Member-only story
Databricks Feature Store

Feature Stores are being used for few years now to manage machine learning data/features. Google’s Feast, an open source feature store or Uber’s Michelangelo, its very own machine learning platform which has a feature data management layer, often fascinate other companies to either implement or buy a centralize feature storage service but, they often get lost in implementation complexities or budget constraints. Along with that, as enterprises are more and more embracing managed Spark services like Databricks, often it becomes challenging to integrate the managed Spark environment with a feature store implementation.
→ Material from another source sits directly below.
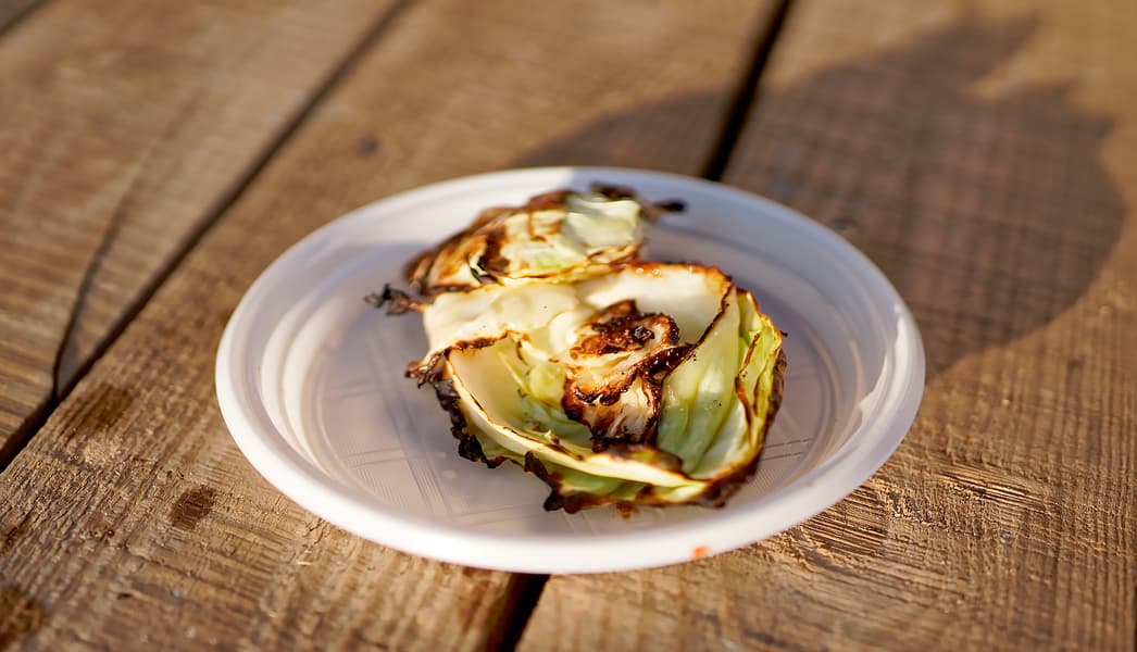 Параллельно со стейками на гриль поместили кусок молодой капусты, посолив его и смазав маслом.

Recently (at the time of this writing) Databricks has introduced an in-built feature storage & management layer in its workspace. This is going to help the users looking for a ready installed feature store to try out. In this blog, we’ll discuss the very basics of features and see how we can leverage Databricks Feature Store to store, retrieve or lookup features to create training dataset and train a univariate time series model.
What is a Feature?
Feature are data attributes — used to develop machine learning training sets. As an example, raw data from NYC Taxi Data can be transformed into following features:
1) Pickup features
Count of trips (time window = 1 hour, sliding window = 15 minutes)
Mean fare amount (time window = 1 hour, sliding window = 15 minutes)2) Drop off features
Count of trips (time window = 30 minutes)
Does trip end on the weekend (custom feature using python code)

Features are curated, often transformed. Same feature can be used by multiple teams to create multiple ML models.
What is a Feature Store?
A feature store is a data storage layer where data scientists and engineers can store, share and discover curated features. This can be of two types:
Offline Store: Contains features for model training and batch inference. Databricks uses Delta table as its offline storage.